精神生命体であるフレイアの胸から血は流れなかったが、次第にその姿が薄くなっていた。
「シャミルよ。キャミルよ。そなたらの運命は銀河の運命じゃ。自分達が最善と考える道を進むが良い」
思わずキャミルの側に駆け寄ったシャミルの顔を見つめながら、フレイアは弱々しくもはっきりと告げた。
「フレイア様をお一人にはいたしませんぞ!」
半狂乱になったロキは、弾き飛ばされていた自分の剣を拾うと、自らの腹に突き刺した。
剣を引き抜いたロキは、よろめきながらも、エペ・クレールから崩れ落ちるようにしてひざまづいたフレイアに近づき、後ろから肩を抱いた。
シャミルとキャミルは何もできずに呆然と見つめている間に、フレイアとロキはお互いに見つめながら、その姿を消していった。
バルハラ遺跡の中には、シャミルとキャミルの二人、その精神生命体だけが残った。
「終わったのか?」
「はい。
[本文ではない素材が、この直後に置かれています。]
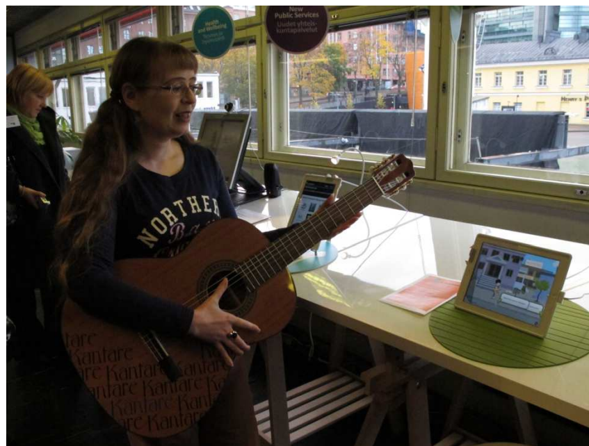
Helsinki pilsētas bibliotēkas struktūrvienība "Meetingpoint"
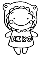
にこにこオリジナルキャラクター にこたん
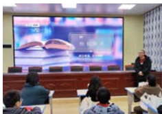
福建三明伊家中心小学
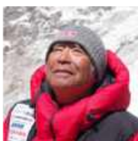
三浦 雄一郎 氏 プロスキーヤー / 冒険家 / クラーク記念国際高等学校 校長
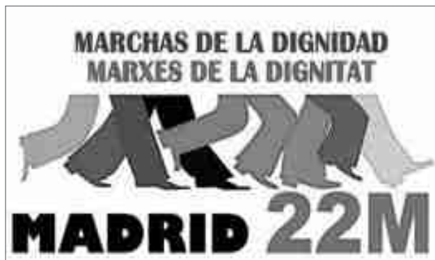
Logotipo "Marcha por la Dignidad"

De momento están previstos tres autobuses, uno para Sax y Villena y dos para Elda y Petrer, contando también con las personas de Monóvar y otros puntos limítrofes que tengan pensado viajar con este sistema. Estos tres autobuses ya están prácticamente completos y se ha pensado en poner uno más. La colaboración para el viaje es de 20 euros, pensado para cubrir
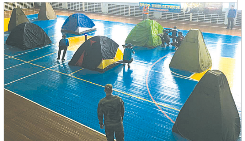
Впервые в городе провели соревнования между школами по лазертагу. Для нашей молодежи и школьников эта игра стала настоящим событием
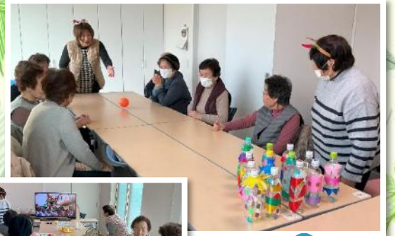
めくもい (中筋西 いきいきサロン)
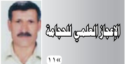
الإعلام الطبي المجاني
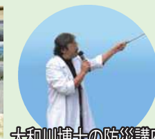
大和川博士の防災講座
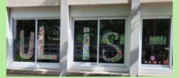
Élémentaire J. Giono Bollène.
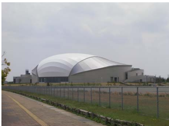
〈外観〉 ドーム型の県内初屋内50mプール
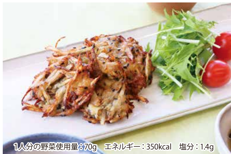
1人分の野菜使用量:70g エネルギー:350kcal 塩分:1.4g

彼らは精神生命体としての存在も消滅しました」
シャミルは、キャミルに向き合い、その目をしっかりと見た。
「早く自分達の体に戻りましょう!」
シャミルとキャミルは、見えていた風景が変わったことで、自分達の肉体に戻ったことを認識した。
シャミルとキャミルの前には、おびただしい数の惑星軍兵士がひざまづいていた。
最前列には、ハウグスポリ少将、レンドル大佐、そしてアリシアが顔を伏せてひざまづいていた。
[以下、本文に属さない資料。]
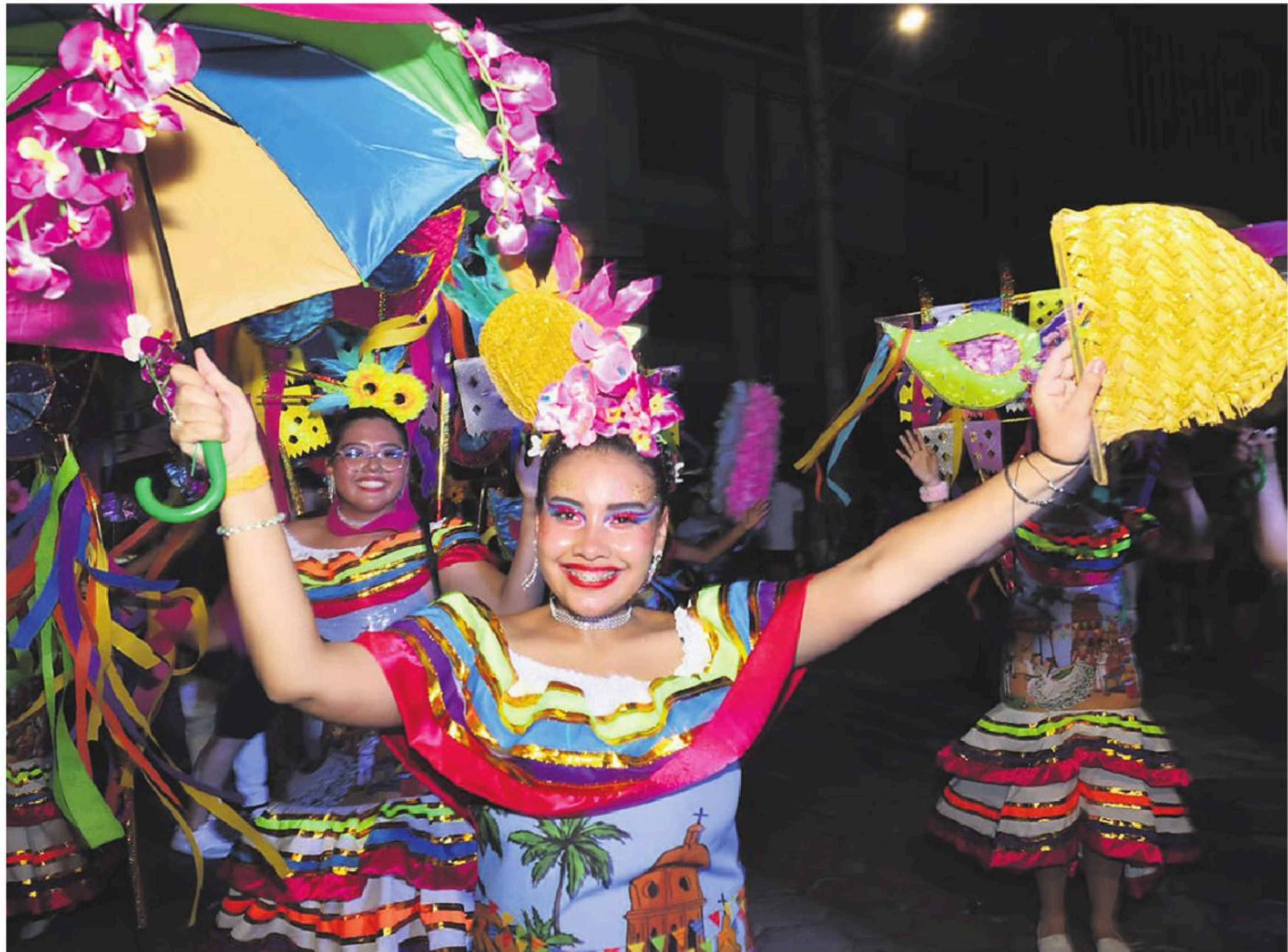
BALLETS. Con mucho colorido y derrochando alegría, grupos folclóricos le pusieron nota alta a la última precarnavalera

シャミルとキャミルは、すぐに自分達が置かれている状況を理解した。
「皆さん、頭を上げてください」
シャミルの声で全員が頭を上げてシャミルを見た。
「戻られたのか?」
最初に気づいたのはレンドル大佐であった。
フレイアに乗っ取られてからは一言も話さなかったシャミルが話したことで気づいたのであろう。
「はい。私はシャミル・パレ・クルスです」
「同じく、キャミル・パレ・クルスです」
キャミルもシャミルの横に並んで言った。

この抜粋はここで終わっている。